***** Source records

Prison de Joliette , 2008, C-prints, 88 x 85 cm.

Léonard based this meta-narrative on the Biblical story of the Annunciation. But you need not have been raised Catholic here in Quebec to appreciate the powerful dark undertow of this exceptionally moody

**********
***** Source records

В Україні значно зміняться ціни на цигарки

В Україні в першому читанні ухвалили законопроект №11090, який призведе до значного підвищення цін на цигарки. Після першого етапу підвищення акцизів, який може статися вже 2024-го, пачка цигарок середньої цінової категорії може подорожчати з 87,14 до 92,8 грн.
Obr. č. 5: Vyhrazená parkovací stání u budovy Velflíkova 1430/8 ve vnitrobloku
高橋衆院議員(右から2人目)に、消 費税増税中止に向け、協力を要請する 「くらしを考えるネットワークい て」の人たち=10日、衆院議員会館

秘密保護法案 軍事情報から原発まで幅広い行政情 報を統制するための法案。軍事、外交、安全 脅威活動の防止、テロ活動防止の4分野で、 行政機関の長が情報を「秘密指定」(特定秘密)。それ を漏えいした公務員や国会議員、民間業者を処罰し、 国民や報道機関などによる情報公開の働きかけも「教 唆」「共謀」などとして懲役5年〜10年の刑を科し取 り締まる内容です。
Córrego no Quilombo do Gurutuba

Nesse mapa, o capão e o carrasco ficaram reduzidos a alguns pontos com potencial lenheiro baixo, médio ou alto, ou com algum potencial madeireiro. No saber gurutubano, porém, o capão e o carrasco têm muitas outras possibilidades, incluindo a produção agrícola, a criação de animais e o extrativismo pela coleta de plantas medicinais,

**********

Work required -
What you return must be the lines above that run from the line with "Prison de Joliette" to the line with "Léonard based this", inclusive, each copied exactly.

Task response -
Prison de Joliette , 2008, C-prints, 88 x 85 cm.

Léonard based this meta-narrative on the Biblical story of the Annunciation. But you need not have been raised Catholic here in Quebec to appreciate the powerful dark undertow of this exceptionally moody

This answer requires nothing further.